Activity: The answer should be an exact repeat of the stretch of material below from the line containing "活動(dòng)現(xiàn" through the line containing "Maglione Donna con".

Excerpted data:

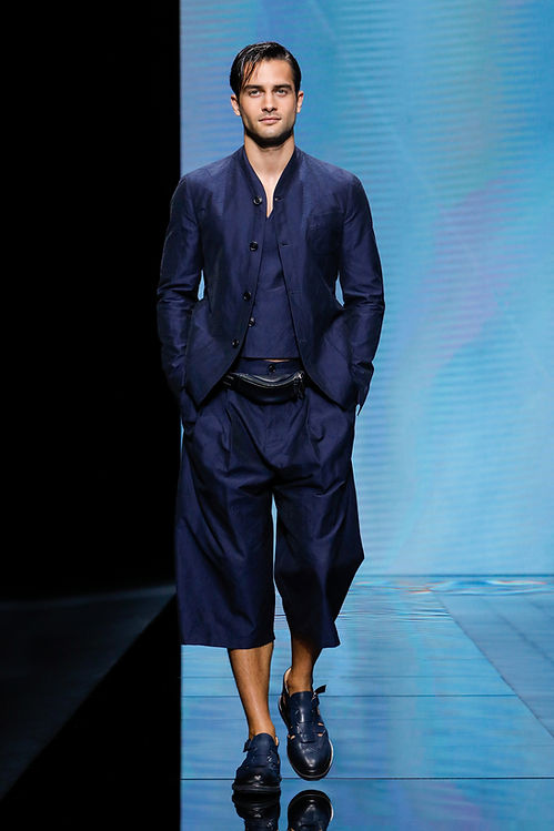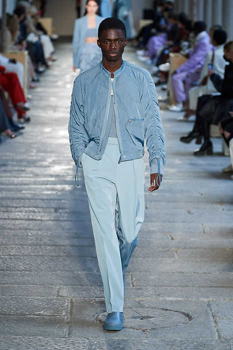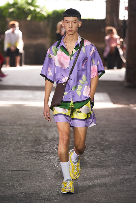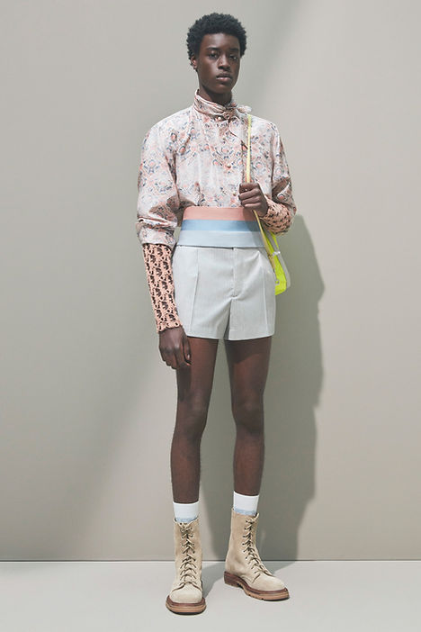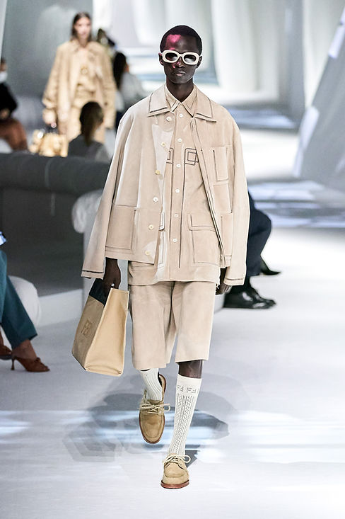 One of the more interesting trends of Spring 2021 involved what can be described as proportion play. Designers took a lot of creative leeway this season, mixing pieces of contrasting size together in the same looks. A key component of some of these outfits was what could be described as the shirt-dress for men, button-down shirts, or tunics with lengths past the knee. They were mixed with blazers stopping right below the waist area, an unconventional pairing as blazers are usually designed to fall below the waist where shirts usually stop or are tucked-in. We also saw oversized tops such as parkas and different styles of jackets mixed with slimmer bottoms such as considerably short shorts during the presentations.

--

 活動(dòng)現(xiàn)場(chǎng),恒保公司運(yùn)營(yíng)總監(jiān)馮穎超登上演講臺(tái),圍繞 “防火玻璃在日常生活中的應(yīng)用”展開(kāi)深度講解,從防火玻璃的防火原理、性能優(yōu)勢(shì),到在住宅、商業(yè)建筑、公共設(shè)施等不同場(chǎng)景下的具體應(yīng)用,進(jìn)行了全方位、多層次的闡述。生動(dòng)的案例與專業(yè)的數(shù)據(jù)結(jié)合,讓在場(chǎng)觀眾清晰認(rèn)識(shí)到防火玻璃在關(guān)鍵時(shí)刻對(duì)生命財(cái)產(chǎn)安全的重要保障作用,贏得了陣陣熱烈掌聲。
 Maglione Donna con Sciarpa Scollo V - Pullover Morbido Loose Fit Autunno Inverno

==

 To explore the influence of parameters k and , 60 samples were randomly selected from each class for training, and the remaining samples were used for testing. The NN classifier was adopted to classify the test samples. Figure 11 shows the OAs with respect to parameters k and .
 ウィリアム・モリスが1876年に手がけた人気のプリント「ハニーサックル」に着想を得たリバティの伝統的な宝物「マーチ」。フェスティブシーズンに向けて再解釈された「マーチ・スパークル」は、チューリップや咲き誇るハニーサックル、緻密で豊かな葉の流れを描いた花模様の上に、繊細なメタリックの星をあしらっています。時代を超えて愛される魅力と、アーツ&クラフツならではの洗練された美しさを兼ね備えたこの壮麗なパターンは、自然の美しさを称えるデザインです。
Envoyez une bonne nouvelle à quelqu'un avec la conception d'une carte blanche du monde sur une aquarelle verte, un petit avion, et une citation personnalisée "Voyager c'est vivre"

Output of the exercise:
 活動(dòng)現(xiàn)場(chǎng),恒保公司運(yùn)營(yíng)總監(jiān)馮穎超登上演講臺(tái),圍繞 “防火玻璃在日常生活中的應(yīng)用”展開(kāi)深度講解,從防火玻璃的防火原理、性能優(yōu)勢(shì),到在住宅、商業(yè)建筑、公共設(shè)施等不同場(chǎng)景下的具體應(yīng)用,進(jìn)行了全方位、多層次的闡述。生動(dòng)的案例與專業(yè)的數(shù)據(jù)結(jié)合,讓在場(chǎng)觀眾清晰認(rèn)識(shí)到防火玻璃在關(guān)鍵時(shí)刻對(duì)生命財(cái)產(chǎn)安全的重要保障作用,贏得了陣陣熱烈掌聲。
 Maglione Donna con Sciarpa Scollo V - Pullover Morbido Loose Fit Autunno Inverno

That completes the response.